→ MATERIAL FOR THIS TASK
========================

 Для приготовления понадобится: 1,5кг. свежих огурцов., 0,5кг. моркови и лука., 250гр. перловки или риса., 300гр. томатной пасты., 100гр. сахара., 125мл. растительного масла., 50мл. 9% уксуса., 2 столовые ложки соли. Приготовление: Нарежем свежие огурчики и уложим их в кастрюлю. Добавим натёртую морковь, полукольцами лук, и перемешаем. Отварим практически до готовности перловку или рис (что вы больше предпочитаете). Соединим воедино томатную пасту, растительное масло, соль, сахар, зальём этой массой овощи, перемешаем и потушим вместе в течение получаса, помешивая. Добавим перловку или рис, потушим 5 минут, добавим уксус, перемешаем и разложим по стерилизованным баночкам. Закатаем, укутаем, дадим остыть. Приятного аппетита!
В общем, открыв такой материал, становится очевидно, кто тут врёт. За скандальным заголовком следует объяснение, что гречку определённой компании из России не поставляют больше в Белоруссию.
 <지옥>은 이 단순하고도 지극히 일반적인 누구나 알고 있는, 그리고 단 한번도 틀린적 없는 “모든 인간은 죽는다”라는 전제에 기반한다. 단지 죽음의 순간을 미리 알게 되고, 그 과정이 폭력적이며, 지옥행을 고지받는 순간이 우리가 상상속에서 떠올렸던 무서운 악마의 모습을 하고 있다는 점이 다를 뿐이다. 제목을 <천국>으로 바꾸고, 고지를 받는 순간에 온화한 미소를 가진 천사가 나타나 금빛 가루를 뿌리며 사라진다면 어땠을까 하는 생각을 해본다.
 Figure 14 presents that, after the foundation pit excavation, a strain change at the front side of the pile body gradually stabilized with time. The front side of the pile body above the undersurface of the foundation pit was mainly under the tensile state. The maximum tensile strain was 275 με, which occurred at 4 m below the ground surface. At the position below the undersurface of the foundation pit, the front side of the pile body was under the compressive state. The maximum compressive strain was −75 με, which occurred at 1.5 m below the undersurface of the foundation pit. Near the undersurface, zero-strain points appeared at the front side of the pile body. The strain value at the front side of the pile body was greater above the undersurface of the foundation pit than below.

========================

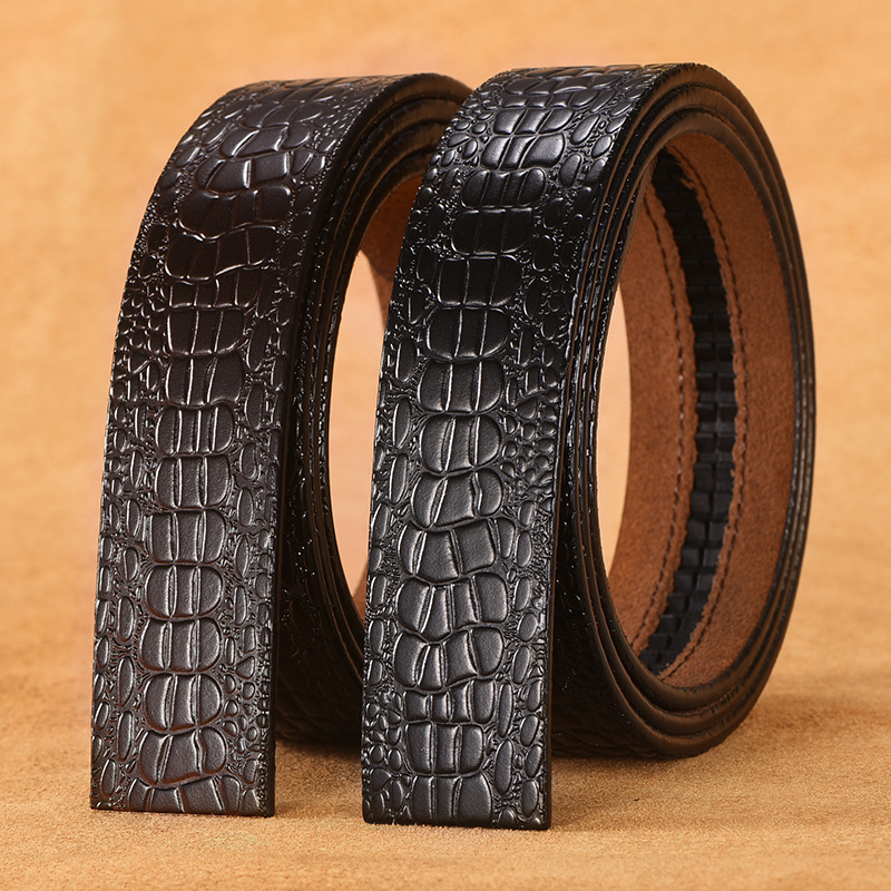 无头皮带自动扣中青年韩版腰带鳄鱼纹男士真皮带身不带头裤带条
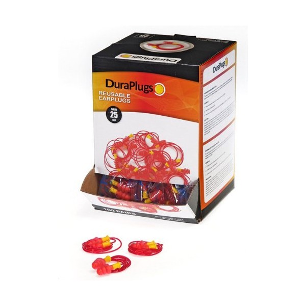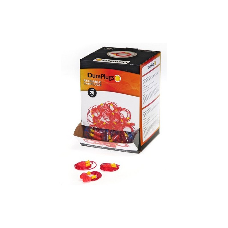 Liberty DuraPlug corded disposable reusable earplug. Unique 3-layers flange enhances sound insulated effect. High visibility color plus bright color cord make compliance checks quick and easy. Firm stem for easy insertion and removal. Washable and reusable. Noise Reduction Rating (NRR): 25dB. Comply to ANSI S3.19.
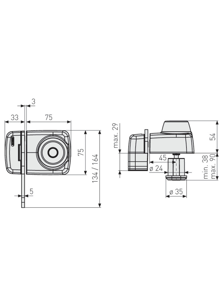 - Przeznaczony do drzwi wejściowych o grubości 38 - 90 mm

========================

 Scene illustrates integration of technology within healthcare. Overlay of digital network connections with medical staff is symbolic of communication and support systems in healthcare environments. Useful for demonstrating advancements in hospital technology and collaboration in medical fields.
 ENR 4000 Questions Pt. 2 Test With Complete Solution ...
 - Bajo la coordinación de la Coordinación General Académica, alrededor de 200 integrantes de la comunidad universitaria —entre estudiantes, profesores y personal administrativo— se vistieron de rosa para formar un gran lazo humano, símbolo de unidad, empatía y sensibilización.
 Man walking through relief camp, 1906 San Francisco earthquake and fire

========================

Within the lines above, find those holding the word "больше" and copy them.

→ ANSWER TO THIS PROBLEM
 Для приготовления понадобится: 1,5кг. свежих огурцов., 0,5кг. моркови и лука., 250гр. перловки или риса., 300гр. томатной пасты., 100гр. сахара., 125мл. растительного масла., 50мл. 9% уксуса., 2 столовые ложки соли. Приготовление: Нарежем свежие огурчики и уложим их в кастрюлю. Добавим натёртую морковь, полукольцами лук, и перемешаем. Отварим практически до готовности перловку или рис (что вы больше предпочитаете). Соединим воедино томатную пасту, растительное масло, соль, сахар, зальём этой массой овощи, перемешаем и потушим вместе в течение получаса, помешивая. Добавим перловку или рис, потушим 5 минут, добавим уксус, перемешаем и разложим по стерилизованным баночкам. Закатаем, укутаем, дадим остыть. Приятного аппетита!
В общем, открыв такой материал, становится очевидно, кто тут врёт. За скандальным заголовком следует объяснение, что гречку определённой компании из России не поставляют больше в Белоруссию.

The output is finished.